ABOUT THIS TASK:
All lines from the one containing "3月31日,农民在河南省洛阳市汝阳县刘店镇沙坪村育苗大棚育苗。" to the end of the listing below should be output exactly; omit the pictures.

(DATASET SECTION begins)

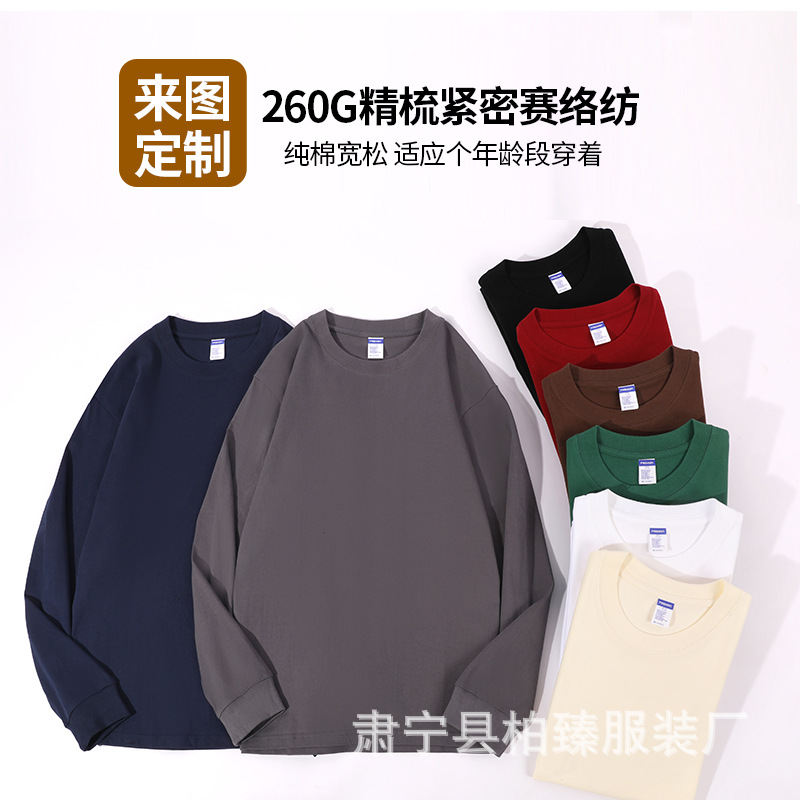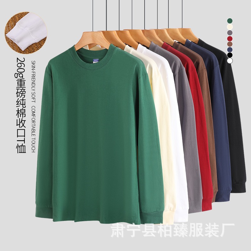Прямая трансляция тяжелых хлопчатобумажных 260 г с длинным рукавом футболка с круглым вырезом с нижней стороны белая футболка для мужчин оптовая продажа
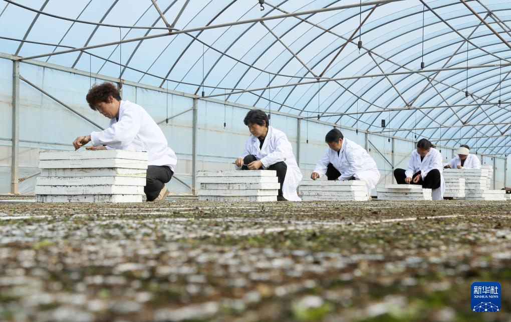 3月31日,农民在河南省洛阳市汝阳县刘店镇沙坪村育苗大棚育苗。
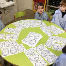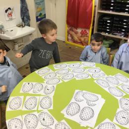 Le but du jeu était d’aller chercher une fève à la dînette pour chaque galette en un seul trajet sachant que chaque élève avait 6 galettes devant lui.Chaque élève a verbalisé oralement sa stratégie.

(DATASET SECTION ends)

SOLUTION BELOW:
 3月31日,农民在河南省洛阳市汝阳县刘店镇沙坪村育苗大棚育苗。
 Le but du jeu était d’aller chercher une fève à la dînette pour chaque galette en un seul trajet sachant que chaque élève avait 6 galettes devant lui.Chaque élève a verbalisé oralement sa stratégie.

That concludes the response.